Si nous sommes tous sensibles au geste, pourtant, beaucoup de langues sont très pauvres en termes pouvant spécifier de ses qualités intrinsèques. Cette pauvreté du langage est l’une des raisons qui nous empêchent de nommer et donc de penser la richesse de sa pratique et de sa monstration (H. Godard, 1997). Chaque geste est effectué dans deux contextes différenciés, mais aussi liés. Il se déploie à partir d’un corps, qui a un âge, un sexe, une condition physiologique, psychologique, une fatigue, un état de santé et une culture déterminés. Mais il est aussi effectué en un moment historique et en un lieu géographique donné. Ce temps et ce lieu ont des caractéristiques physiques particulières, mais aussi des caractéristiques sociales et politiques, précises où se côtoient, avec plus ou moins de frictions et de perméabilité, des cultures de gout ayant plusieurs niveaux de capital subculturel (S. Thornton, 1995).

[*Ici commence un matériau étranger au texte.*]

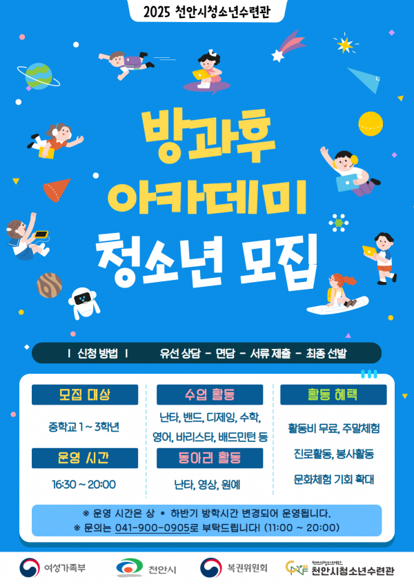 [충청25시] 천안시청소년재단 천안시청소년수련관은 2025년 방과후아카데미 신입생을 모집한다고 4일 밝혔다.
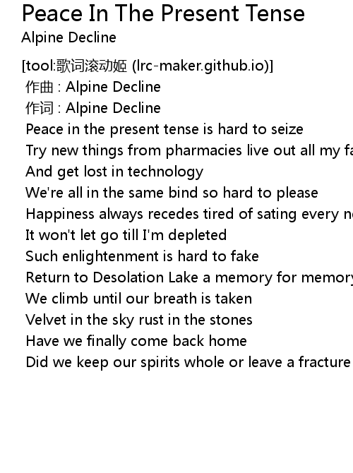 | [00:55.815] | Peace in the present tense is hard to seize |

Ce qui influence la formulation de tout geste.
Comment lire le geste, donc et avec quels outils ? Certainement avec les savoirs physiologiques et neurologiques, mais tout autant, psychologiques, philosophiques, anthropologiques, sociologiques, somatiques, esthétiques… Seulement récemment l’action humaine, commence à être étudiée comme système complexe d’éléments en interaction ayant besoin d’un croisement constant entre les savoirs disciplinaires de tous ces domaines (C. Roquet, 2019).

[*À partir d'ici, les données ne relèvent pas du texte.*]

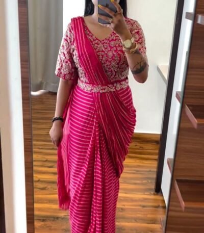 WORK :- Beautiful digital print design with lace work and Ready to Wear saree.

Si les questions de la corporéité, son déploiement dans l’espace et dans les relations qu’il tisse avec le monde, sont centrales dans tous les projets que j’entreprends ou auxquels je participe, je m’y intéresse autant, car au-delà de questions d’esthétique ou de recherche scientifique, l’analyse du mouvement corporel touche directement les questions politiques et sociales. En effet, comme le dit Varela, chaque geste produit un corps, donc le corps doit être considéré comme un “morphocycle” (F, Varela, 1985) dont les actions et le monde se construisent réciproquement.

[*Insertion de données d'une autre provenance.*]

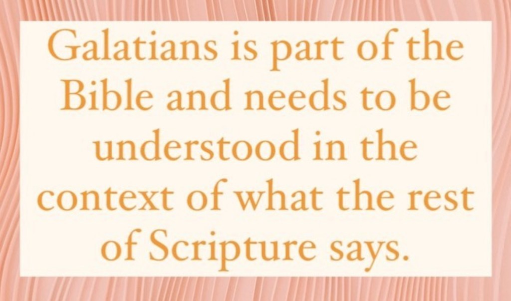 - Galatians is not stand-alone theology. It must be read in conjunction with the rest of the Scriptures. One cannot isolate Galatians to glean doctrine that goes against the other writings. And this includes the Old Testament.

Il y a plusieurs choses qui m’intéressent dans l’analyse du mouvement corporel. La question de la compréhension des ressorts psychophysiologiques de l’expressivité humaine (Michel Bernard, 1977). D’abord la question de la dramaturgie dans le spectacle vivant (H. T. Lehmann, 2002; L. Louppe, 2004) et dans l’installation en art contemporain, qu’elle soit interactive ou pas (J.-L. Boissier, 2009. C. Salter, 2015). Mais aussi les questions des rapports entre le corps, la psyché et les technologies dans le domaine de l’interaction humains-machines et le mieux-être (U. Galimberti, 2002).